Four major pillars of foreign policy would emerge from the Truman-Vandenberg partnership. The creation of the United Nations, the establishment of the Truman Doctrine, the creation of the Marshall Plan and the establishment of NATO.

For baby boomers, these should be reasonably familiar terms. For millennials, only the UN may have some traction as its creaky wheels of international plenums continues to call attention at least periodically to events of concern of the moment.

But in the days that crafted the ending of one monstrous dictator but gave rise to the very real possibility of Soviet domination of Italy, of France, of Greece of Turkey among other non communist states, the question of whether America would revert to its pre-war isolationism was a very real fear.

Britain had few resources. America would need to decide if it could afford to sit out events. The signature events that would shape the American world view was both the appeasement of Adolf Hitler plus the sneak attack by Japan on Pearl Harbor. That the war had ended with America an undeniable world superpower was attended to by our victorious armies occupying part of Germany and then all of Japan.

And so, Truman and Vandenberg began to build a partnership. Truman, carrying the ball as President, wishing to see an international forum come into place for the resolution of conflict (hopefully before it began) in the United Nations and Vandenberg concluding that the United States was no longer free to hide behind its two vast oceans that the nation must be proactively engaged in diplomacy and alliances with nations which shared similar values. Otherwise, who would the United States have to trade with? What would the point of winning the war be if the peace would soon freeze into unpleasant relations between two equally fearful blocs of countries with neither wanting to repeat the mistakes of unpreparedness as each saw it?

Vandenberg can be seen as a man given to great intellectual conceit but one whose capabilities often justified the self importance. Truman, ever mindful of being examined through the prism of FDR’s shadow, is far more reliant on existing figures of stature including the heroic Gen. Marshall and clearly needs Vandenberg to help deliver the then majority Republicans in the senate to an expansive vison of an American presence on the world stage that had never existed before.
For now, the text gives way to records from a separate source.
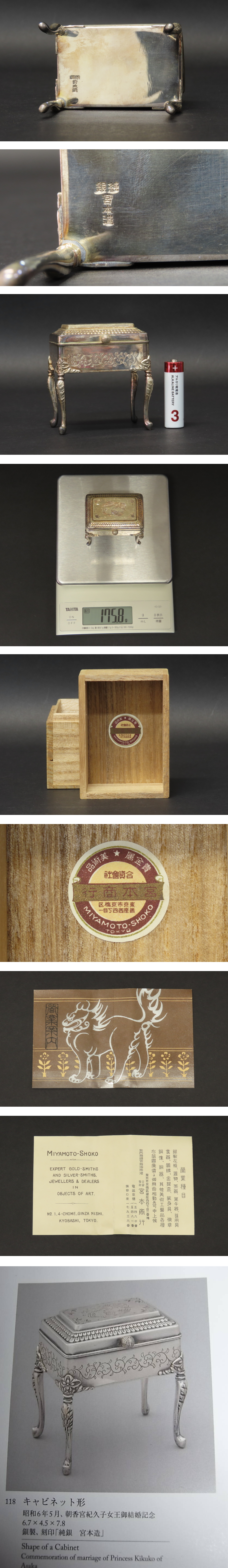 【月】【ボンボニエール・東園(久邇宮)栄子女王 特集05】朝香宮紀久子女王殿下 鍋島直泰侯爵 御結婚記念 キャビネット形 純銀 宮本造 收藏
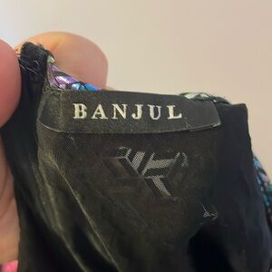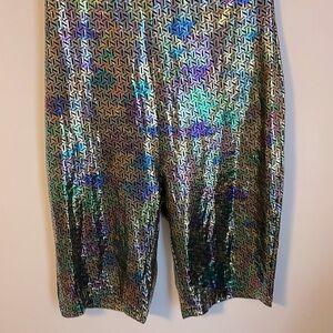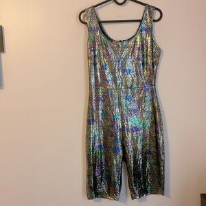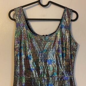 Banjul Iridescent Holographic Geometric Design Romper Size S. Very good preowned condition. Body hugging stretch material. Gorgeous Iridescent colors shiny. Zipper up back. Scoop neckline. Thicker tank straps. See pictures for approximate measurements. Bodycon. Sexy.
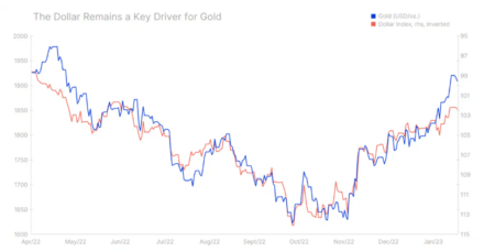 Prosincové momentum se díky slabšímu dolaru přeneslo i do ledna, a zlato tak s počátkem roku 2023 vyrazilo jako o závod. Stříbro mělo zpočátku problém držet krok, ale vzhledem k tomu, jak dobře si podle nás povede měď, si myslíme, že má šanci do roka výsledky zlata překonat. Tento obrat oproti roku 2022 by mohla přinést změna dříve nepříznivých faktorů, tedy silnějšího dolaru a rostoucích výnosů z dluhopisů, protože slabší dolar a klesající výnosy by byly pro stříbro naopak příznivé.

All of these issues were not casual. Americans wanted peace after the war. Though rich by any standard, Americans did not want to be “suckers” and just throw dough at a problem. But the central premise that enabled the Truman – Vandenberg partnership had been impressed upon America’s lawmakers. You don’t get to write all the rules of engagement when you are a superpower and non-entanglement or other words for minding one’s own business simply had no place when there was no one else.